DDN Announces the Biggest Big Data Object System
DataDirect Networks has announced WOS 2.0, which is positioned as the world's fastest object storage system. WOS 2.0 is a fully integrated system including DDN storage, erasure coded data protection mechanisms, a replication strategy for distributing object data, and extensions to the interface options to include S3 APIs and a NAS interface.
Big Data Growth and Challenges
The growth in data is coming from machines, not humans, and the biggest growth is coming from sensors. Data from video, acoustic, pressure, heat, chemical, proximity, speed, and many other sensors is flooding in, in addition to the computer generation of text, tables, and graphics. Organizations that are most affected by data growth operate in the fields of video, surveillance, high performance computing, life sciences, cloud & web content, environmental monitoring, rich media, and government intelligence.
The problems of storing this big data tsunami are the normal ones of writing, indexing, provenance, security, protection, and retrieval, only on a massive scale. In traditional IT, file systems have been built to handle this. The list of file systems has grown extensively, and traditional networked files systems (NAS) have improved dramatically, with global names spaces and better metadata management. However there is a computer science consensus that these types of systems cannot scale to meet the performance and availability requirements of petabyte/exabyte with billions/trillions of records, at least not cost effectively. The World’s Fastest POSIX File Systems in 2012 is a DARPA Lustre system, which achieves about 3 billion reads and writes/day.

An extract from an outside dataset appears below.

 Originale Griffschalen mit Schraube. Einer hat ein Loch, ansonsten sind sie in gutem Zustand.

The biggest big data systems are now object based rather than file based. One key advantage of object storage is that the data and metadata are stored together, which eliminates many of the locking, metadata traversals, directory crawling, and file allocation table issues of traditional file systems. For example, Google claims that the Google Megastore achieves 3 billion writes and 20 billion reads per day. As of Q2 2011, the Amazon S3 system stores about half a trillion objects and reads a peak of 290,000 0bjects per second (25 billion per day).
DataDirect Networks WOS 2.0
DataDirect Networks (DDN) have introduced a WOS 2.0 (Web Object Scaler) object storage system which they claim delivers up to 55 billion small object reads and 25 billion writes/day. This is twice as many as the Amazon S3 system and twenty times the throughput of the DARPA system.

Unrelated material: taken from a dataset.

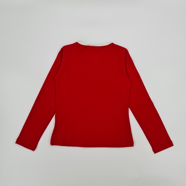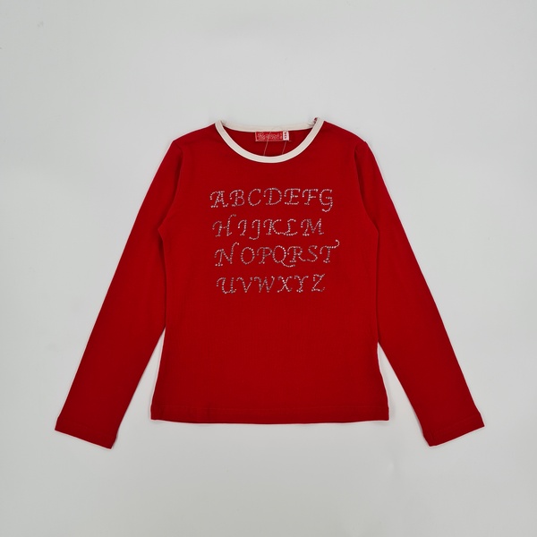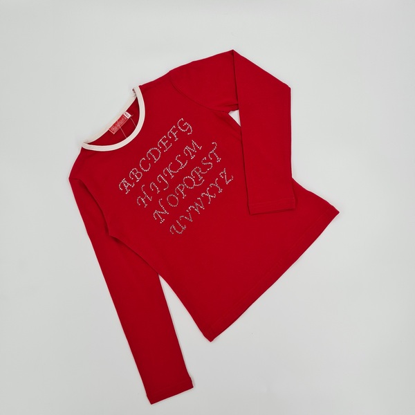 Koszulka dziewczęca,czerwony kolor, okrągły dekolt, długi rękaw,aplikacja-naklejone symilki
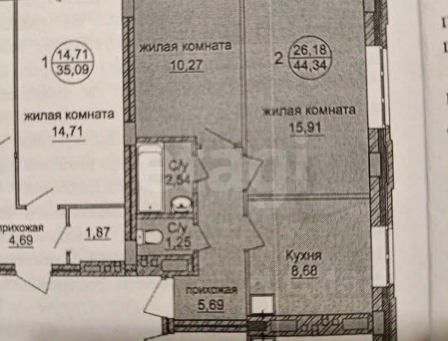 - Общая площадь: 44.3 м2

The components of the DDN system include high density storage appliances, which deliver 2 petabytes per rack and 23 petabytes per cluster. Up to 25 billion objects can be stored in a rack.
The sustained performance and data protection is achieved by combining the traditional DDN 8+2 hardware enhanced data striping together with de-clustered erasure coding. In addition, DDN has introduced an asynchronous replication capability that writes a second copy locally before replication to a remote site.
Access to WOS 2.0 has been extended to include:
- Amazon S3
- CDMI Interface
- WOS API
- iPhone, iPad Client Dropbox-Style Access
- NAS Interface
WOS 2 Proof Points
The most interesting proof-point that DDN offers is the work being done with a Department of Defense multi-agency partnership to provide large scale systems to analyze and distribute high-definition sensor data. Figure 1 shows some examples of the data challenges involved. The DDN solution offered was a Geo-distributed WOS object storage system to address the requirements of high speed and low-latency.
Key partners in this and other projects include YottaStor, Pixia Corp, Objectivity and iRODS.
Summary and Conclusions
DDN has introduced an fully integrated end-to-end geo-distributed, scale-out object storage system, with a single namespace and single global cluster interface. This matches or exceeds the performance of the largest bespoke object systems currently deployed. In addition, the data protection mechanisms can allow recovery in place, and accommodate the introduction of very large disks.
The DDN system has the potential for wide-scale adoption by cloud providers, large organizations and government agencies.
Action Item: This announcement has integrated a number of critical technology components to provide a geo-distributed, scale-out object storage system with the potential to address high performance read/write applications. DDN claim that objects can be retrieved in 40 millisecond. For the first time this has changed the positioning of object-based systems from archive-only to general purpose. CIOs and CTOs of large organizations and service providers should long and hard at the WOS 2.0 system architecture as a potential for much lower cost internal and external cloud deployments.